To show this clearly the best way will be to consider the two cases separately, taking first that in which the physiological change has priority. In this case our theory regards any morphological changes which afterwards supervene as due to the independent variability which will sooner or later arise under the physiological isolation thus secured. But to whatever causes the subsequent morphological changes may be due, the point to notice is that they are as a general rule, consequent upon the physiological change. For in whatever degree such infertility arises between two sections of a species occupying the same area, in that degree is their interbreeding prevented, and, therefore, opportunity is given for a subsequent divergence of type, whether by the influence of independent variability alone, or also by that of natural selection, as now acting more or less independently on each of the partially separated groups. In short, all that was said in the foregoing chapters with respect to isolation in general, here applies to physiological isolation in particular; and by supposing such isolation to have been the prior change, we can as well understand the subsequent appearance of morphological divergence on continuous areas, as in other forms of isolation we can understand such divergence on discontinuous areas, seeing that even a moderate degree of cross-infertility may be as effectual for purposes of isolation as a high mountain-chain, or a thousand miles of ocean.

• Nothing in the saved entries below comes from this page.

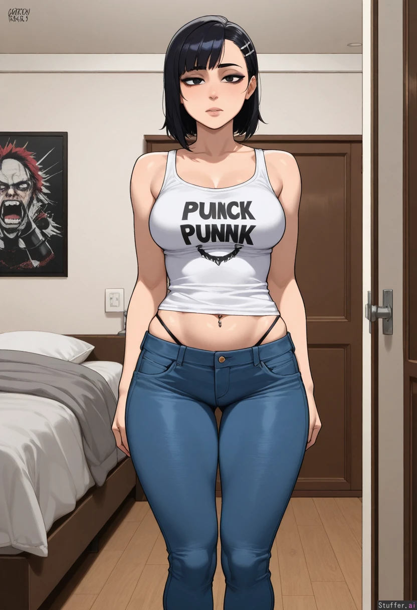 (dark hair, bangs), dark eyes, white tank top, solo, ((high quality, high detail)), KAMII MOMORU(artist), bleach (art style), medium breasts, krekkov(artist), (detailed face), (tired eyes, eyeliner), ((punk)), (skinny jeans, navel piercing, low rise jeans), (((bottom heavy, chubby tummy, muffintop, wide hips:0.9))), (((midriff peek))), (looking at viewer, thong showing), standing in bedroom, ((thick thighs:0.2, wide hips:0.2, chubby:0.2))
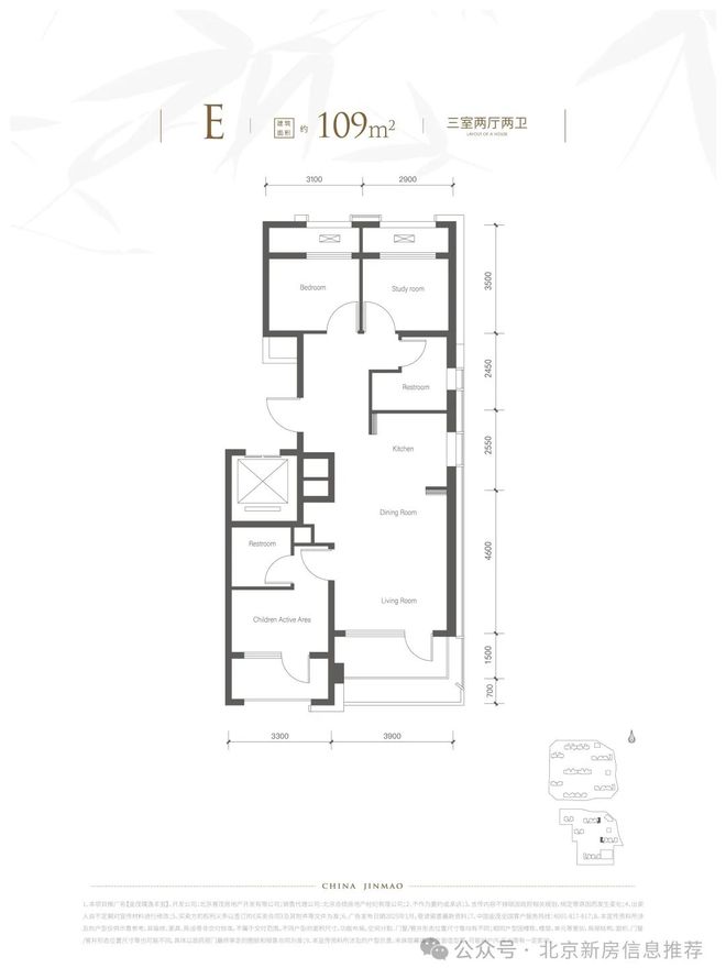 E户型 109㎡ 三室两厅两卫
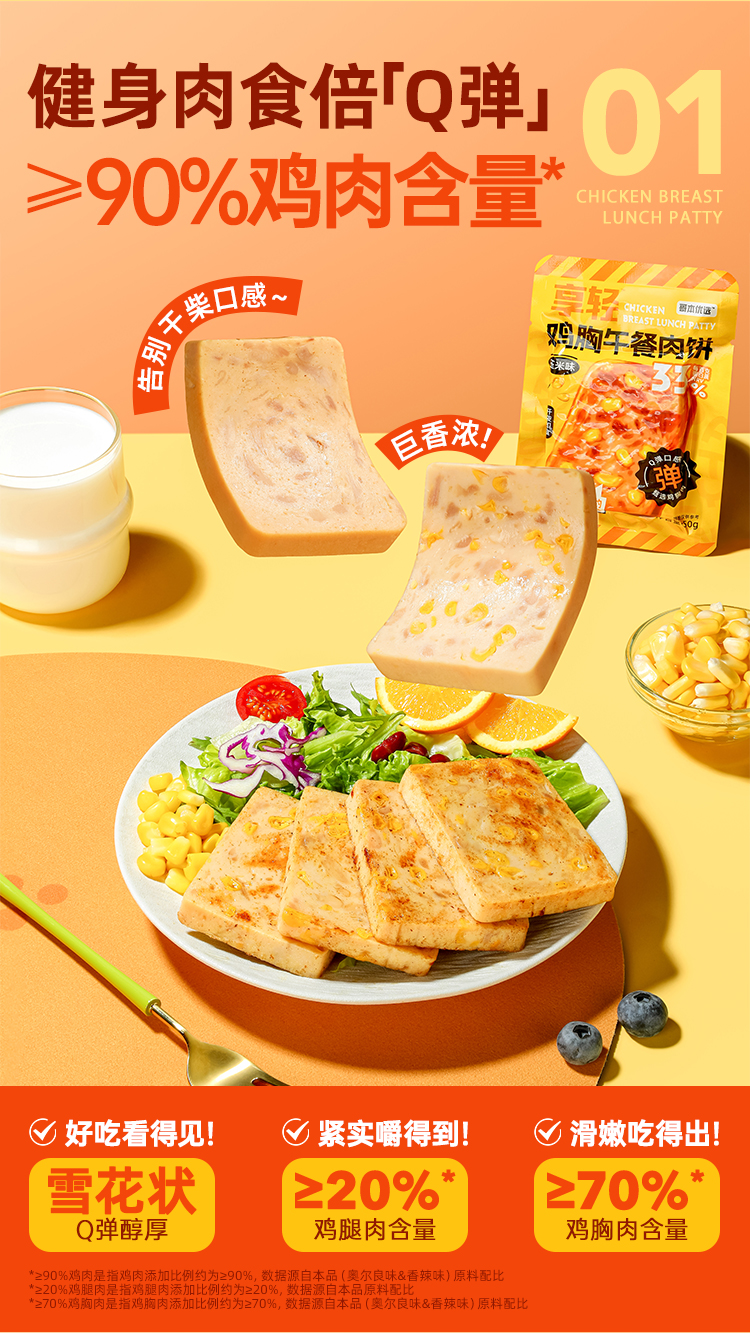 【69选15】【3袋】享轻™鸡胸午餐肉饼
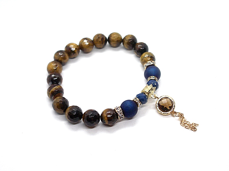 Bransoletka wykonana z naturalnych kamieni - fasetowane sokole oko [10mm], matowe sokole oko [10mm], kryształków [8mm], zawieszki w okuciu oraz elementów metalowych w kolorze złota. Bransoletka pasuje na nadgarstek 16-17cm. Biżuteria ozdobnie zapakowana.
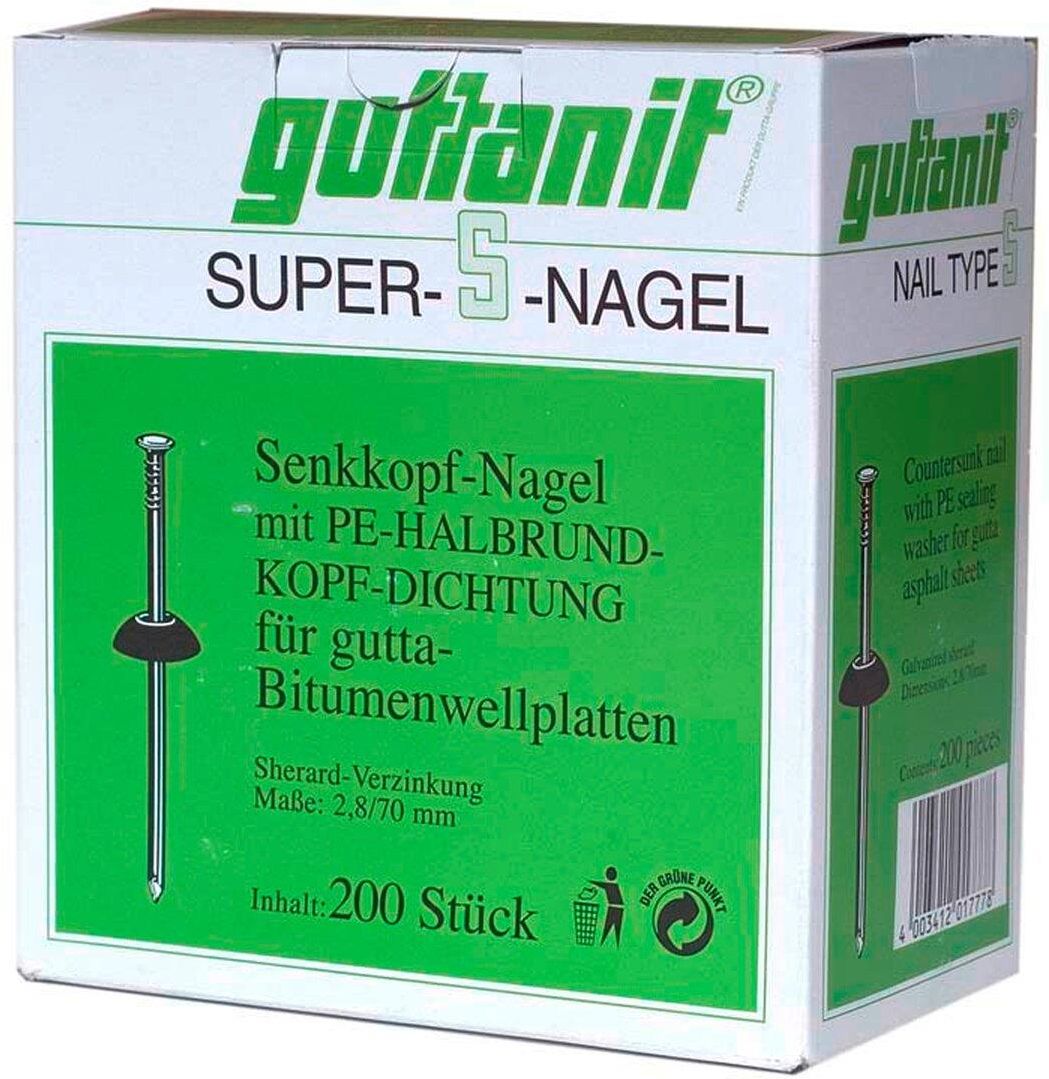 GUTTA Gwoździe brązowe (200 szt.) Ral 8017 Marka Gutta SeriaGuttanitZastosowanieMocowanieIlość sztuk w opakowaniu200 szt.Długość13 cmSzerokość7,5 cmWysokość14 cmKod EAN4003412038087SzczegółyGwoździe do płyt bitumicznych to wytrzymałe, precyzyjnie wykonane akcesoria montażowe. Produkt pochodzi z serii Gutta Guttanit i jest przystosowany do montażu falistych arkuszy bitumicznych. Płyty bitumiczne mają szerokie zastosowanie - mogą służyć jako pokrycie dachów, wiat oraz różnego typu drewnianych konstrukcji. Pokrycie jest odporne na działanie wilgoci, promieniowania UV oraz zmiennych warunków atmosferycznych. Gwoździe GUTTA umożliwiają sprawny, precyzyjny montaż płyt. Mocowanie jest proste i nie wymaga użycia specjalistycznych narzędzi. Prezentowany model gwoździ ma wymiary 130 x 140 x 75 mm i jest dostępny w zestawach po 200 sztuk. 4003412038087 011199
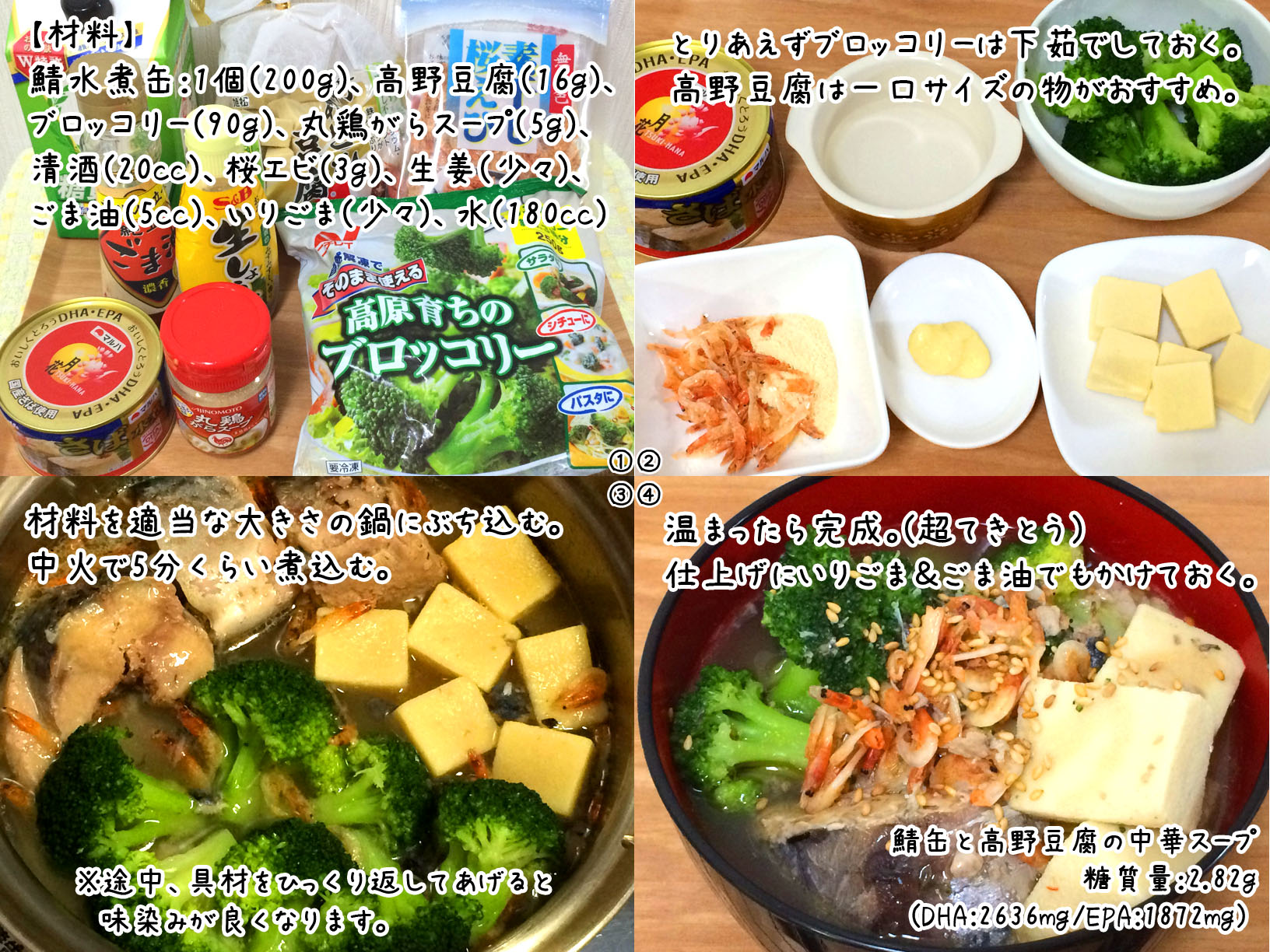 鯖缶と高野豆腐の中華スープ

Here, then, are two sharply-defined theories to explain the very general fact of there being some greater or less degree of cross-infertility between allied species. The older, and hitherto current theory, supposes the cross-infertility to be but an accident of specific divergence, which, therefore, has nothing to do with causing the divergence. The newer theory, on the other hand, supposes the cross-infertility to have often been a necessary condition to the divergence having begun at all. Let us now consider which theory has most evidence in its favour.

First of all we have to notice the very general occurrence of the fact in question. For when we include the infertility of hybrids, as well as first crosses, the occurrence of some degree of infertility between allied species is so usual that Mr. Wallace recommends experiments to ascertain whether careful observation might not prove, even of species which hybridize, "that such species, when crossed with their near allies, do always produce offspring which are more or less sterile inter se[19]." This seems going too far, but nevertheless it is the testimony of a highly competent naturalist to the very general occurrence of an association between the morphological differentiation of species and the fact of a physiological isolation. Now I regard it as little short of self-evident that this general association between mutual infertility and innumerable secondary, or relatively variable morphological distinctions, is due to the former having been an original and a necessary condition to the occurrence of the latter, in cases where intercrossing has not been otherwise prevented.